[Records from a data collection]
=== Begin Enclosure ===
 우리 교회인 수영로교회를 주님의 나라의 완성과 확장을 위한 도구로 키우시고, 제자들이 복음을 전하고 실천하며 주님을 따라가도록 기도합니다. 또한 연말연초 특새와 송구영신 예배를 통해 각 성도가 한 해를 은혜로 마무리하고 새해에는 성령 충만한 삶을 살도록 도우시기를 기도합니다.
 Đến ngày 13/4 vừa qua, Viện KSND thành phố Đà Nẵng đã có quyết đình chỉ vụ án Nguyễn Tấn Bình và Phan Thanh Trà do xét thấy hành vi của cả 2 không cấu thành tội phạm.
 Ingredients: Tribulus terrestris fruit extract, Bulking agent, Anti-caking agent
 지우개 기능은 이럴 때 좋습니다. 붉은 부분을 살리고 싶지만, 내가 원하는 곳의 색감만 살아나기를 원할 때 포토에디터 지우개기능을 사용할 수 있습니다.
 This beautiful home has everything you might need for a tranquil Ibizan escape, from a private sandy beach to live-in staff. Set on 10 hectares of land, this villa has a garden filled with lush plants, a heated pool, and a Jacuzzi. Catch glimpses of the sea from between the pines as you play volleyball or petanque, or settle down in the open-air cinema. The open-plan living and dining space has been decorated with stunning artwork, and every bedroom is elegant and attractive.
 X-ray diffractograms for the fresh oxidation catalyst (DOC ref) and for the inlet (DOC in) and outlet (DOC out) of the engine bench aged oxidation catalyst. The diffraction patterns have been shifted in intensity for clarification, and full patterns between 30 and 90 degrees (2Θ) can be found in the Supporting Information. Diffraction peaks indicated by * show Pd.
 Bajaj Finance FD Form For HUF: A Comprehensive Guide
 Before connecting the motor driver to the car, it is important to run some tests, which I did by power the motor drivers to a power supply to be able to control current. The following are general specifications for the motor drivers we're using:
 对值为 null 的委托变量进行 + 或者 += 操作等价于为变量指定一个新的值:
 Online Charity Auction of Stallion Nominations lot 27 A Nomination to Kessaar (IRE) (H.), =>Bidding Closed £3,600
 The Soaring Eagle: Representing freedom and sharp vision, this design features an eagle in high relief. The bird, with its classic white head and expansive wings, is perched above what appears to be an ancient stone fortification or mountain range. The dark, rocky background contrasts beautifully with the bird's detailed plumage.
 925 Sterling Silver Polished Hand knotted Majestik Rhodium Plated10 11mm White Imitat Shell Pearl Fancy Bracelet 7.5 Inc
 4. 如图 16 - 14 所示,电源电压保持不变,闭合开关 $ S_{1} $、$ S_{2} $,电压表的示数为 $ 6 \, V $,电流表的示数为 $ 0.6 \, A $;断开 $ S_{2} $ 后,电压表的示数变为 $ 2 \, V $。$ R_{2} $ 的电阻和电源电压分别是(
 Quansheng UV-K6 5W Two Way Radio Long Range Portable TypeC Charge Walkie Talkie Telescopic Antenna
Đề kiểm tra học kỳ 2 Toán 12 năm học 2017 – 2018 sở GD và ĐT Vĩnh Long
=== End Enclosure ===
What is needed
In the entries above, the lines from the one bearing "지우개 기능은 이럴 때" up to and including the one bearing "This beautiful home" should be transcribed exactly; no other line is wanted.

Exercise answer
 지우개 기능은 이럴 때 좋습니다. 붉은 부분을 살리고 싶지만, 내가 원하는 곳의 색감만 살아나기를 원할 때 포토에디터 지우개기능을 사용할 수 있습니다.
 This beautiful home has everything you might need for a tranquil Ibizan escape, from a private sandy beach to live-in staff. Set on 10 hectares of land, this villa has a garden filled with lush plants, a heated pool, and a Jacuzzi. Catch glimpses of the sea from between the pines as you play volleyball or petanque, or settle down in the open-air cinema. The open-plan living and dining space has been decorated with stunning artwork, and every bedroom is elegant and attractive.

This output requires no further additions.